Fact Checking Biden's Student Loan Bailout
WASHINGTON, D.C., February 28, 2023
Myth: Student loan forgiveness is critical to ensuring millions of Americans are not buried under a mountain of debt.
Fact: There is no such thing as “forgiveness,” and student loan debt does not go away—it remains on the federal government’s books. Cancelation alone is estimated to cost at least $400 billion dollars. The Biden administration simply moved the loan debt, agreed to by millions of student loan borrowers, onto the backs of American taxpayers. Biden’s student loan bailout will cost every taxpayer, even those who never went to college, at least $2,500.
Myth: Since 2000, the cost of college has increased nearly 200 percent—leaving students with no choice but to borrow if they want a degree. Biden’s so-called forgiveness plan will help students afford college.
Fact: A one-time erasure of student debt does nothing to address why college costs have risen. Rather, it emboldens colleges to continue raising tuition and forces students to borrow even more—with taxpayers ultimately footing the bill. In fact, one study by the Federal Reserve found that schools raise tuition by up to 60 cents for every dollar in additional grants provided by the federal government.
Myth: Biden’s bailout will make the student loan system more manageable for current and future borrowers.
Fact: Even before the repayment pause extension and loan cancelation announcement, federal loan servicers warned the administration that the “situation would only be made far more complicated and riskier operationally with any additional changes to the loan program.” The Biden administration continues to confuse borrowers by announcing yet another extension of the repayment pause while proposing a swath of new burdensome and complicated regulations.
Myth: Student loan forgiveness is the fair way to help Americans escape massive amounts of debt.
Fact: Borrowers signed on the dotted line for their loans. Erasing these loans does not teach borrowers to manage their debts. Moreover, the cancelation is an insult to those who diligently paid off their loans. Further, it will not help student borrowers who enroll in college after debts are wiped clean. Instead, the Biden administration is forcing the 87 percent of Americans without student debt to pay the bills of college graduates.
Myth: Republicans supported loan forgiveness for the Paycheck Protection Program (PPP) loans. It is hypocritical for them to oppose student loan forgiveness.
Fact: Offering PPP loans and “forgiving” federal student loans is not an apples-to-apples comparison. Congress created the PPP loans when state and local governments mandated small businesses to shut down, which halted large portions of the economy. PPP loans were made to those small businesses to keep their workforce employed only during the COVID-19 pandemic and ended on May 31, 2021.
Myth: The Biden administration’s plan offers targeted debt relief and makes the student loan system more manageable for working families.
Fact: Even with the income caps of $125,000 for individuals, and $250,000 for married couples, up to two-thirds of the benefit from the President’s bailout goes to borrowers in the top half of the income distribution. Moreover, graduate students and high-income earners disproportionately benefit from his unlawful action.
Myth: Biden’s plan is necessary to keep bad debt off the federal government’s plate.
Fact: Unlike PPP loans, federal student loans are still being given, and waiving these obligations for borrowers creates bad incentives for borrowers to continue taking out more loans under the assumption of continued “forgiveness.”
Myth: Forgiving student loans will help the economy and will not affect inflation.
Fact: Mass student loan cancelation alone will likely boost inflation by 15 to 27 basis points over the next year, which already reached 40 year highs because of Biden's radical policies. Moreover, the repayment pause provided medical students $107,000 in tax free forgiveness while Americans without degrees struggled to put food on the table.
Myth: Republicans supported the Tax Cuts and Job Act (TCJA)—a $2 trillion tax cut for the wealthy. The Biden administration is supporting middle class families with this loan cancelation.

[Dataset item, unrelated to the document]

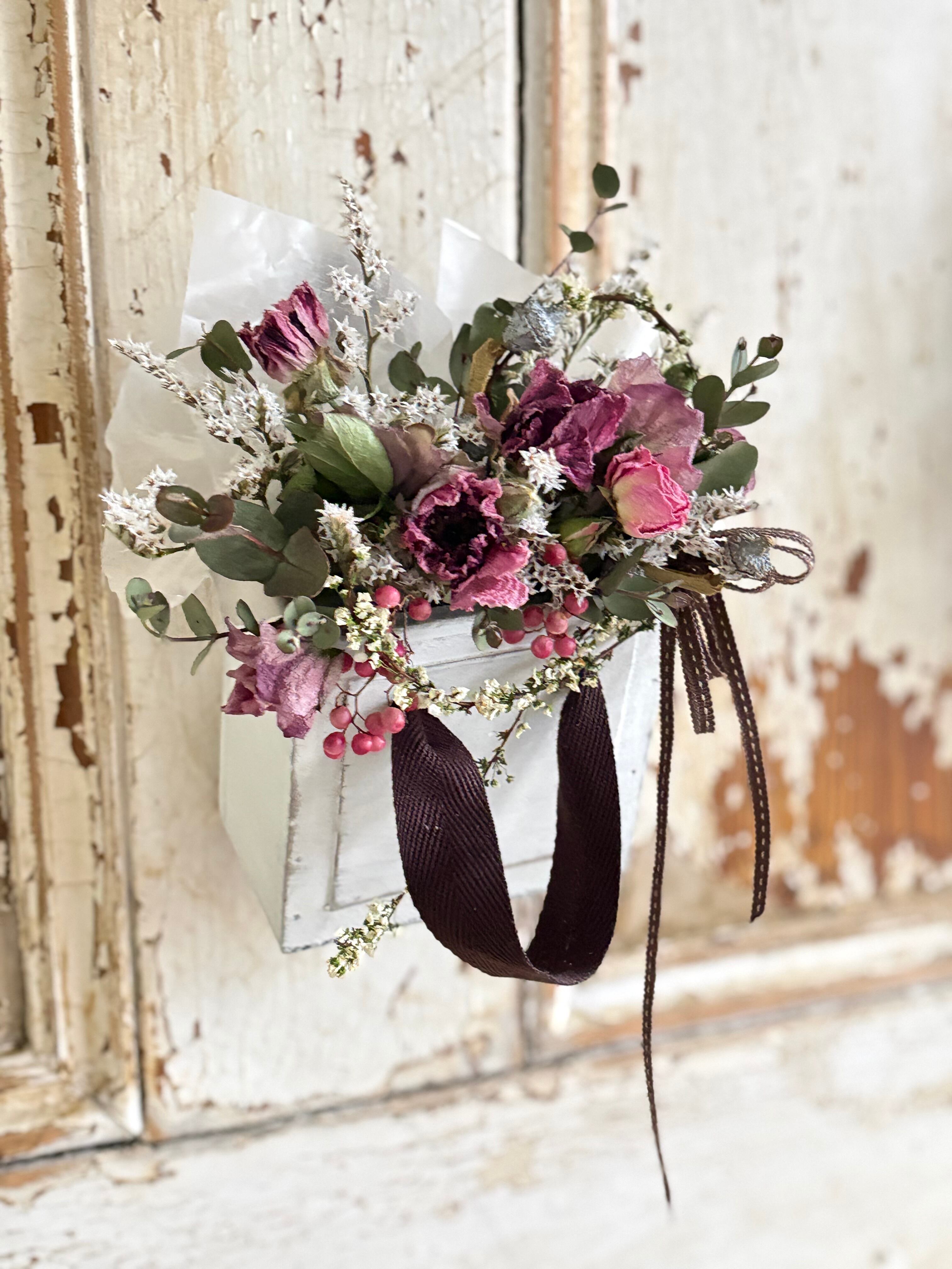 ウッドフルールバッグは非常にデリケートです。丁寧な梱包を心掛けておりますが、配送中に一部の花材が落ちる可能性がありますので、ご了承ください。

Fact: Student loan cancelation is a regressive transfer of wealth. The top-earning 40 percent of households hold nearly two-thirds of outstanding student loan debt. The Biden administration’s plan will wipe out $10,000 of debt for households making up to $250,000 or for an individual making up to $125,000. If a student received a Pell Grant, he or she will receive $20,000, no matter how wealthy he or she is today. Additionally, the TCJA was not a tax cut for the wealthy. After the passage of TCJA, the Congressional Budget Office data showed that “the share of income taxes paid by the top 1 percent of taxpayers reached a near-record high of 41.7 percent. The same group paid almost 26 percent of all federal taxes—twice the share paid by the bottom 60 percent of Americans combined.”

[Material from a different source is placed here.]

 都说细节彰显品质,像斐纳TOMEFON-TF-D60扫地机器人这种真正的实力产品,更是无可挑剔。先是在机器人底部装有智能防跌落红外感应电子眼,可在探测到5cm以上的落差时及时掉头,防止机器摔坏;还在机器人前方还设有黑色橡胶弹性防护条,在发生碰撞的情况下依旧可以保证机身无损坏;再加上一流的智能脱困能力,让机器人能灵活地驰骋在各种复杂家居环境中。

Myth: The HEROES Act of 2003 gave the Secretary of Education broad authority to cancel student loans during times of national emergencies.
Fact: The HEROES Act was passed in the wake of 9/11 and later reauthorized during the first days of Operation Iraqi Freedom. The HEROES Act authority is narrow, and by using it to justify this bailout Biden is abusing authority intended for individual cases of hardship in a limited term war, military operation, disaster, or national emergency. Further, when HEROES was debated, the topic of "forgiveness" never came up.